**Exercise data:**
__________________________________________________

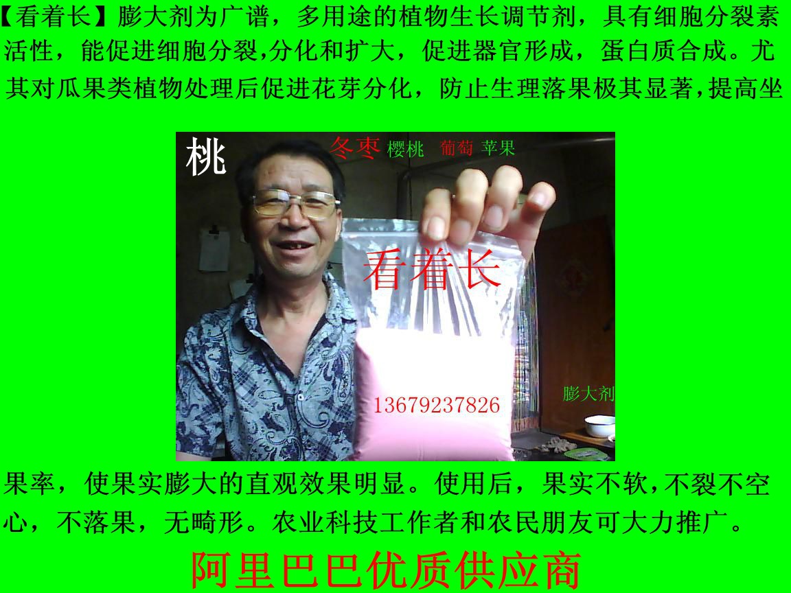产品详情:植物生长化学调控技术,又称植物生长调节剂,作为一种新型的农业生产实用技术,越发受到人们的关注。随着植物生长调节剂种类的不停增加,化学工业的飞速发展。控制技术大大增加了作物的使用种类和面积,他可以给农民朋友增加生产和收益,[增加30%-60%]。为了适于科学有助于农业发展的需技术和技术的推广以及新技术的推广,我们在多年的实验研究基本上,借鉴国内外的实验研究报告和成功的应用经验,成功开发了一种特别的植物生长调节剂。】,是目前的一种高科技尖端配方,采用后,果实品质极佳,颜色鲜艳,且有亮度。不柔软,不裂,不空心。可不遗余力推广。稀释倍数为:4000次----5000次
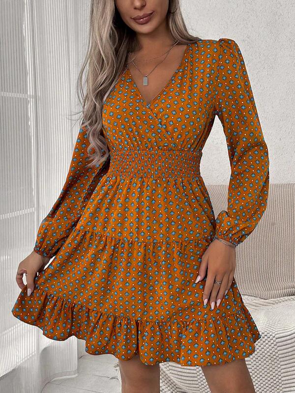 SHEIN LUNE Allover Print Surplice Neck Ruffle Hem Dress
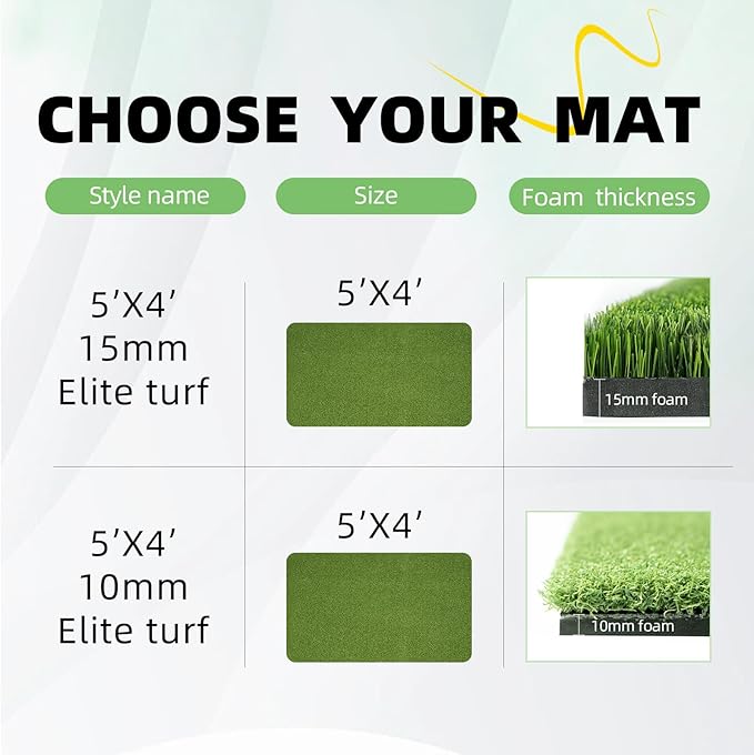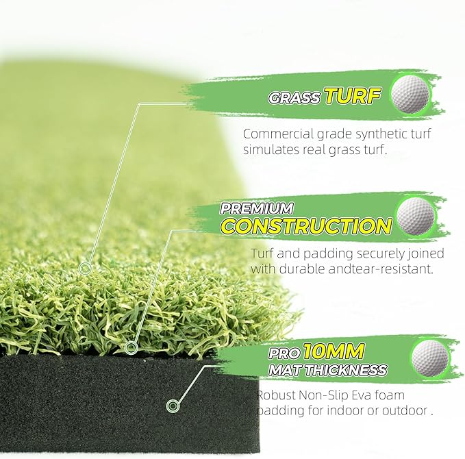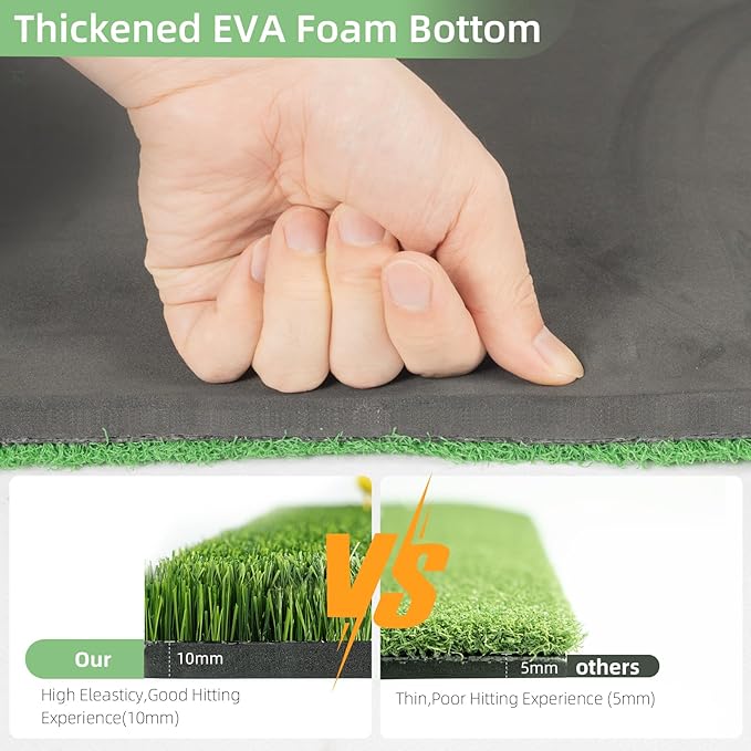 プレミアム品質: ゴルフ練習用マットターフは高密度で環境に優しい PP 素材で作られており、厚みのある 15mm の EVA 底部は滑り止め機能と弾力性があり、長期間の練習に耐える耐久性を備えています。同時に、厚みが増すほど衝撃を吸収し、練習スイングやチッピング中に手首、肘、肩を保護します。

__________________________________________________

**Activity:** Before you finish, make sure every line above has been repeated exactly and no picture remains in the copy.

**Expected output:**
产品详情:植物生长化学调控技术,又称植物生长调节剂,作为一种新型的农业生产实用技术,越发受到人们的关注。随着植物生长调节剂种类的不停增加,化学工业的飞速发展。控制技术大大增加了作物的使用种类和面积,他可以给农民朋友增加生产和收益,[增加30%-60%]。为了适于科学有助于农业发展的需技术和技术的推广以及新技术的推广,我们在多年的实验研究基本上,借鉴国内外的实验研究报告和成功的应用经验,成功开发了一种特别的植物生长调节剂。】,是目前的一种高科技尖端配方,采用后,果实品质极佳,颜色鲜艳,且有亮度。不柔软,不裂,不空心。可不遗余力推广。稀释倍数为:4000次----5000次
 SHEIN LUNE Allover Print Surplice Neck Ruffle Hem Dress
 プレミアム品質: ゴルフ練習用マットターフは高密度で環境に優しい PP 素材で作られており、厚みのある 15mm の EVA 底部は滑り止め機能と弾力性があり、長期間の練習に耐える耐久性を備えています。同時に、厚みが増すほど衝撃を吸収し、練習スイングやチッピング中に手首、肘、肩を保護します。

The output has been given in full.